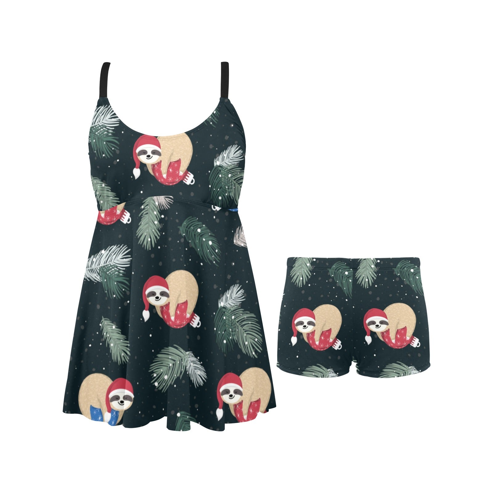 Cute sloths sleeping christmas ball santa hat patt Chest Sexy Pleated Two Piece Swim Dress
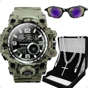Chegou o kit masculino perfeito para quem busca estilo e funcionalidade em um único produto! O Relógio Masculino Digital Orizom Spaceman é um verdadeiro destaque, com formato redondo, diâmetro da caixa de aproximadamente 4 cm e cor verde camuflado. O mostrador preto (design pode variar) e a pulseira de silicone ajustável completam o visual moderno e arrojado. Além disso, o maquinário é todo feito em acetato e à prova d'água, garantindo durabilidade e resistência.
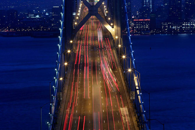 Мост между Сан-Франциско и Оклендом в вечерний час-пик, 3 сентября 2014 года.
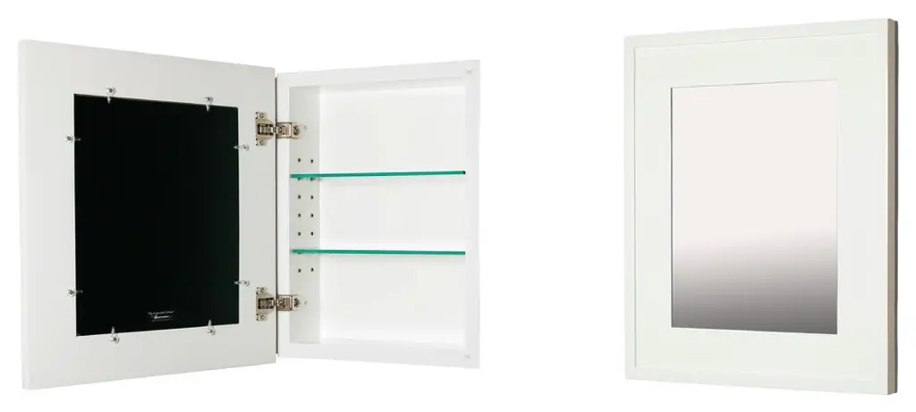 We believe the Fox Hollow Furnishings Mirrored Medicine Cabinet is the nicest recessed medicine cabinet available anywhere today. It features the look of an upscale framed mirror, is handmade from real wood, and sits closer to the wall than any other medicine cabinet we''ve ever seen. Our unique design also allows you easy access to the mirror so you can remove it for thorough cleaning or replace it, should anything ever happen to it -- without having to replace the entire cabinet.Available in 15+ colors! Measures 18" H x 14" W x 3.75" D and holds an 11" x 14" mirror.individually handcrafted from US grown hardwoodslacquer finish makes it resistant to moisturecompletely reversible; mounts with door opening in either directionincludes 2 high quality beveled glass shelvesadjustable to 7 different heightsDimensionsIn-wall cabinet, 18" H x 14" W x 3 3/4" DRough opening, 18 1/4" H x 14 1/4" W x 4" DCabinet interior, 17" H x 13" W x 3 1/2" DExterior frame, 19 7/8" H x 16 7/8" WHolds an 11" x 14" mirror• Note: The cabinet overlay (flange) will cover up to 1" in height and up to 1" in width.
··········
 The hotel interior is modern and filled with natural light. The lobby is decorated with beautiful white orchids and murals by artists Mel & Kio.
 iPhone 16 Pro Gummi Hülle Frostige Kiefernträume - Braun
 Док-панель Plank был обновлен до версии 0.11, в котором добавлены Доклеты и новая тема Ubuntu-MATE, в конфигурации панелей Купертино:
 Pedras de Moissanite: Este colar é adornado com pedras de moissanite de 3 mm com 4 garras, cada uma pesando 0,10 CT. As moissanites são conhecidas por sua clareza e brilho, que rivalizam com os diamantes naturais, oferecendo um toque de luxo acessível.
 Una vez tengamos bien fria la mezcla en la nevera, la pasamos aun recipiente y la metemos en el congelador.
··········
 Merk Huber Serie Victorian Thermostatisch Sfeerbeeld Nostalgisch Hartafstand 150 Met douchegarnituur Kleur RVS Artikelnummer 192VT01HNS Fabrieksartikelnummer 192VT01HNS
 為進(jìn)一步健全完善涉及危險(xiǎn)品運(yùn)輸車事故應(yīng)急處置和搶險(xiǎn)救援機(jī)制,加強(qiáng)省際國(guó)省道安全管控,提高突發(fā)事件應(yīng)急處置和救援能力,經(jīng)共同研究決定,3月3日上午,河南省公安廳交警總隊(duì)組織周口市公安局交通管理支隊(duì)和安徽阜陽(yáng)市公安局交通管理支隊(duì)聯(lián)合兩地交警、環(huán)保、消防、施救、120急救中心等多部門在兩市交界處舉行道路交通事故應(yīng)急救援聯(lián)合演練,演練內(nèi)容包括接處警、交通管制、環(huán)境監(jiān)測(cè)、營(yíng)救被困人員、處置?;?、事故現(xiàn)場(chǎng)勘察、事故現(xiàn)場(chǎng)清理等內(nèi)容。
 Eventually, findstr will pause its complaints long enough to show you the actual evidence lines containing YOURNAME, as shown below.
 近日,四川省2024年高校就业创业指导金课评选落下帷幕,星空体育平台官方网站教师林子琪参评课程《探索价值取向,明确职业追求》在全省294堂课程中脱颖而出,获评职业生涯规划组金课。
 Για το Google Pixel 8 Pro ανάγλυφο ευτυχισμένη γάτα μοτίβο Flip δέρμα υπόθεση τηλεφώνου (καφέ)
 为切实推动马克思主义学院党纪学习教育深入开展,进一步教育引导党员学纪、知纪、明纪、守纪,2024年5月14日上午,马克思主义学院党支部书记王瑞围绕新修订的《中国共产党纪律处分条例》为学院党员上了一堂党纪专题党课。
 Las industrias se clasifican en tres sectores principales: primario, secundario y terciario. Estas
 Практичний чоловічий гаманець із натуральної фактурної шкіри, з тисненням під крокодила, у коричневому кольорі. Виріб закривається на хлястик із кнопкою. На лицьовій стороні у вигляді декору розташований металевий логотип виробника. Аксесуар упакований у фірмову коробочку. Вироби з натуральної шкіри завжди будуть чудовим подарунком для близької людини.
··········
## Activity
Above are the records. Copy the lines beginning at the one that has "近日,四川省2024年高校就" and ending with the one that has "Las industrias se", unchanged.

## Answer box
 近日,四川省2024年高校就业创业指导金课评选落下帷幕,星空体育平台官方网站教师林子琪参评课程《探索价值取向,明确职业追求》在全省294堂课程中脱颖而出,获评职业生涯规划组金课。
 Για το Google Pixel 8 Pro ανάγλυφο ευτυχισμένη γάτα μοτίβο Flip δέρμα υπόθεση τηλεφώνου (καφέ)
 为切实推动马克思主义学院党纪学习教育深入开展,进一步教育引导党员学纪、知纪、明纪、守纪,2024年5月14日上午,马克思主义学院党支部书记王瑞围绕新修订的《中国共产党纪律处分条例》为学院党员上了一堂党纪专题党课。
 Las industrias se clasifican en tres sectores principales: primario, secundario y terciario. Estas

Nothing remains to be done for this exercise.